- [TASK REQUIREMENTS] Skip the pictures and write out, word for word, the lines below from the one with "Canadian Dental Corps" through the one with "A Ford iniciou", inclusive.

- [DATA]
###

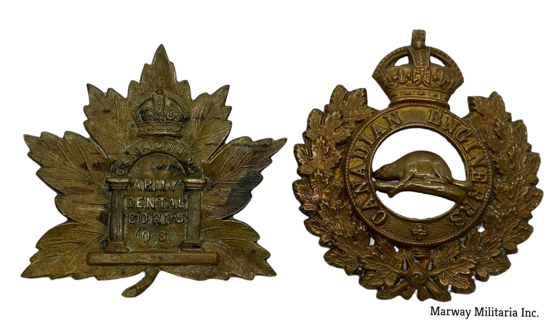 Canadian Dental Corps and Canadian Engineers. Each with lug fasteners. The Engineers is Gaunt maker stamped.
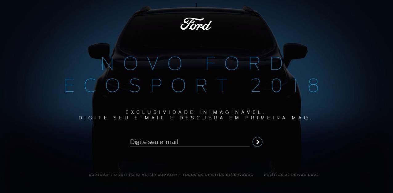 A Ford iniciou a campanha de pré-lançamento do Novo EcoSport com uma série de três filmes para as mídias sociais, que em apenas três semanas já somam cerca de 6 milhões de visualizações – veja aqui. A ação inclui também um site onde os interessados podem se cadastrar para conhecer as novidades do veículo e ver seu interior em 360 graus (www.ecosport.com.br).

###

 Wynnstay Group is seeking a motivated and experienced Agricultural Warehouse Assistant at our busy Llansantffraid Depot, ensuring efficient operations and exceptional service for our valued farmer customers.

###

- [RESPONSE]
 Canadian Dental Corps and Canadian Engineers. Each with lug fasteners. The Engineers is Gaunt maker stamped.
 A Ford iniciou a campanha de pré-lançamento do Novo EcoSport com uma série de três filmes para as mídias sociais, que em apenas três semanas já somam cerca de 6 milhões de visualizações – veja aqui. A ação inclui também um site onde os interessados podem se cadastrar para conhecer as novidades do veículo e ver seu interior em 360 graus (www.ecosport.com.br).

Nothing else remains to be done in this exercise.